Response: Traditionally, triglycerides were assessed through fasting blood samples; however, there are reports suggesting that non-fasting measurements might be even more predictive of cardiovascular events (Atherosclerosis, 2014 Nov;237(1):361-8). Consensus statements from the European Atherosclerosis Society (EAS) and European Federation of Clinical Chemistry and Laboratory Medicine (EFLM) also advocate the use of non-fasting triglyceride values in evaluation (Eur Heart J, 2016 Jul 1;37(25):1944-58).

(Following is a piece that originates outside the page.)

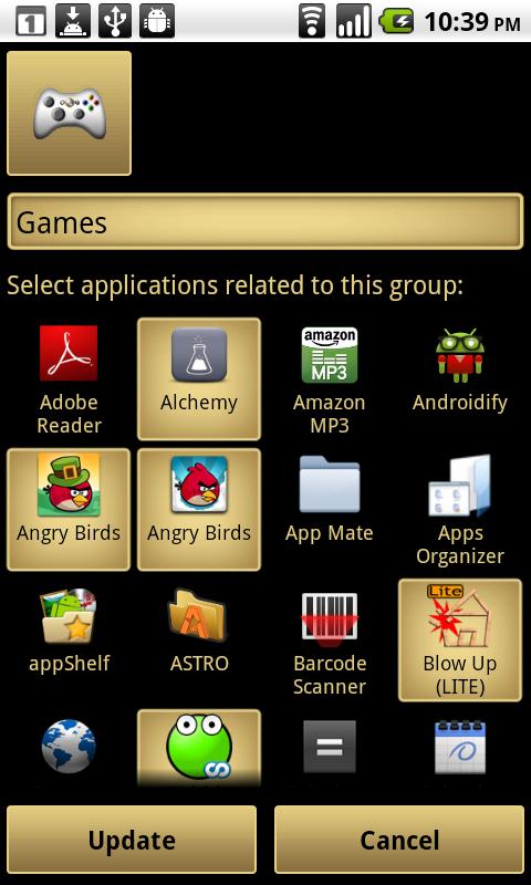 App Shelf allows you to organize your applications quickly and easily. The applications organization is automatically performed depending on the categories in Google Android Market. The application allows you to change the organization according to your wishes. In order to have quick access to the groups you should add desktop shortcut from the appropriate menu (desktop context menu -> Shortcuts).

Considering these points, non-fasting triglyceride levels are also appropriate as predictive factors.
Reviewer 4 Report
Comments and Suggestions for AuthorsManuscript ID: biomedicines-2991773 (Revised version)
Title: "Development of Liver Fibrosis Represented by the Fibrosis-4 2 Index Is a Specific Risk Factor for Tubular Injury in Individuals with Type 2 Diabetes"
Authors: Tomoyo Hara et al.
There are no further comments.
Author Response
Thank you for your thorough evaluation and feedback on our manuscript.
We are pleased to hear that there are no further comments. Your insights have significantly improved the quality of our paper, and we are grateful for your contribution.
Thank you once again for your support.
Round 3
Reviewer 3 Report
Comments and Suggestions for AuthorsThe authors have answered all questions and revised all necessary sections in accordance to the reviewer's suggestions. I consider the paper ready for acceptance.